The appeal is allowed.

Introduction

[1] This is an appeal of the decision of the General Division (GD) of the Social Security Tribunal issued on January 15, 2016, which dismissed the Appellant’s application for a disability pension on the basis that she did not prove that her disability was severe, for the purposes of the Canada Pension Plan (CPP), during her minimum qualifying period (MQP), which ended December 31, 2004. Leave to appeal was granted on September 2, 2016, on the grounds that the GD may have erred in rendering its decision.

Overview

[2] The Appellant submitted an application for CPP disability benefits on April 29, 2013. She indicated that she was 49 years old, holds two bachelor’s degrees and has completed many training courses in subjects such as PC software, financial planning, securities and life insurance. She has held a variety of jobs, most notably as a correctional officer for young offenders during the 1990s. She was most recently employed as a casual research assistant with the Centre for Addiction and Mental Health in 2011 and as a part-time retail sales associate from 2010 to 2014. Dr. Lunney, her psychotherapist, claimed that post-traumatic stress disorder, depression and anxiety had rendered her disabled from work as of 1997.

[3] The Respondent denied her application at the initial and reconsideration levels on the grounds that her disability was not severe and prolonged as of the MQP date. On June 19, 2014, the Appellant appealed these denials to the GD.
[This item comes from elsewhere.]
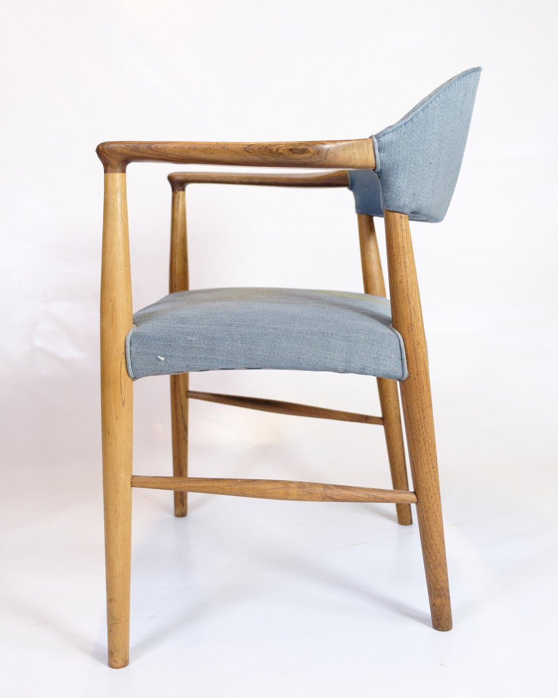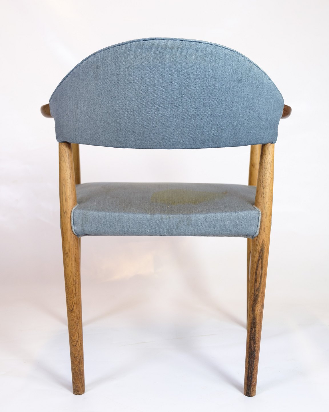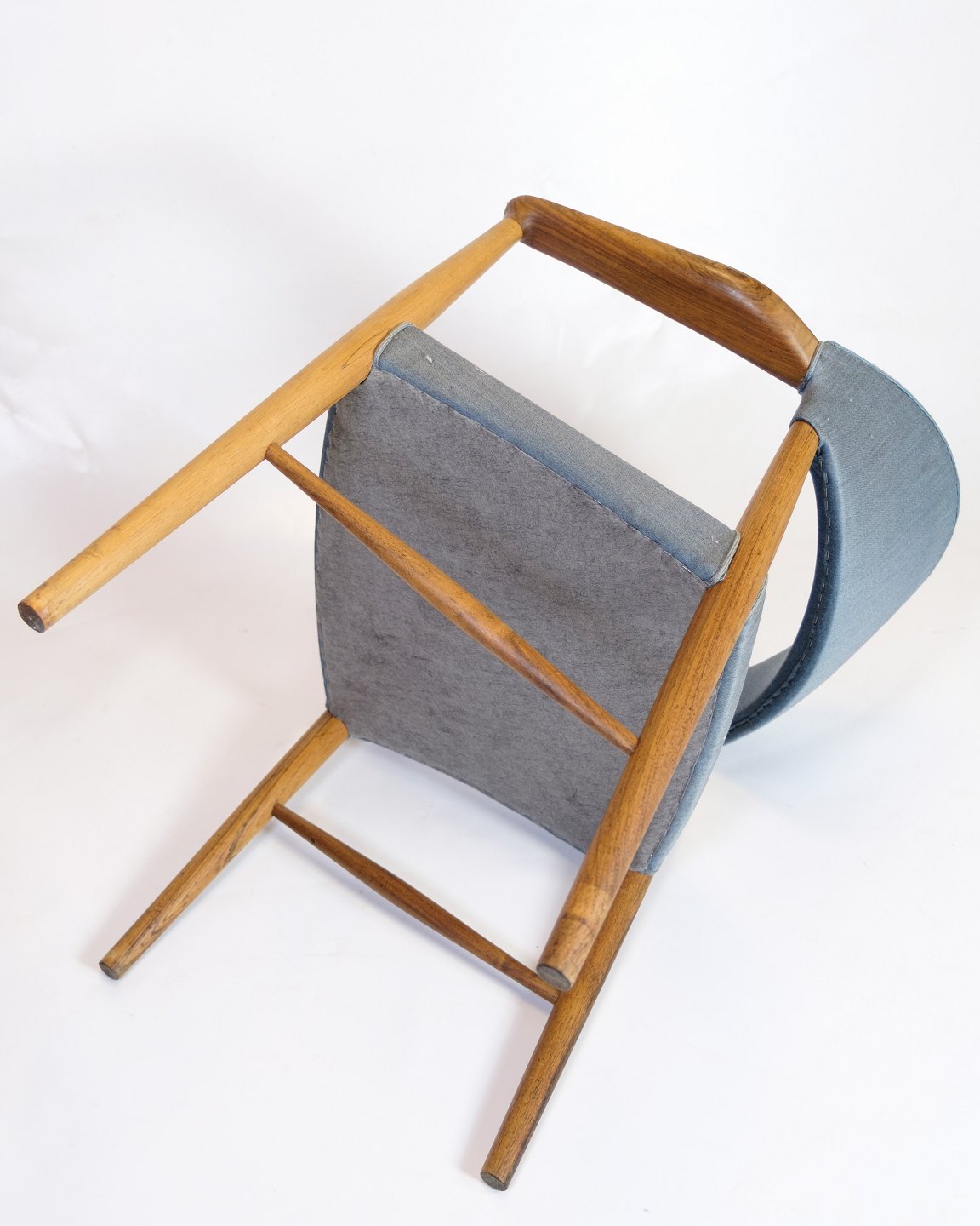 Danish armchair in teak with blue fabric seat designed by Kurt Olsen in the 1960s.

[4] On October 2, 2015, the GD sent the Appellant a series of written questions related to her recent work history, her medical conditions and the treatments she was receiving for them. The Appellant provided detailed responses by way of a letter dated November 6, 2015.

[5] In its decision, the GD dismissed the Appellant’s appeal, finding that she had not provided sufficient evidence that she suffered from a severe disability as of the MQP date. The GD noted that the only available documents dated prior to December 31, 2004 were Dr. Lunney’s clinical notes, which did not indicate any significant PTSD episodes or symptoms of depression and anxiety. The notes also showed that the Appellant was searching for jobs, networking, writing and attending training courses. Post-MQP reports suggested therapy was effective in managing her symptoms of complex PTSD. As the Appellant was 40 years old at the time of MQP, with a good education and fluency in English, the GD found that, on a balance of probabilities, she was capable of some form of work.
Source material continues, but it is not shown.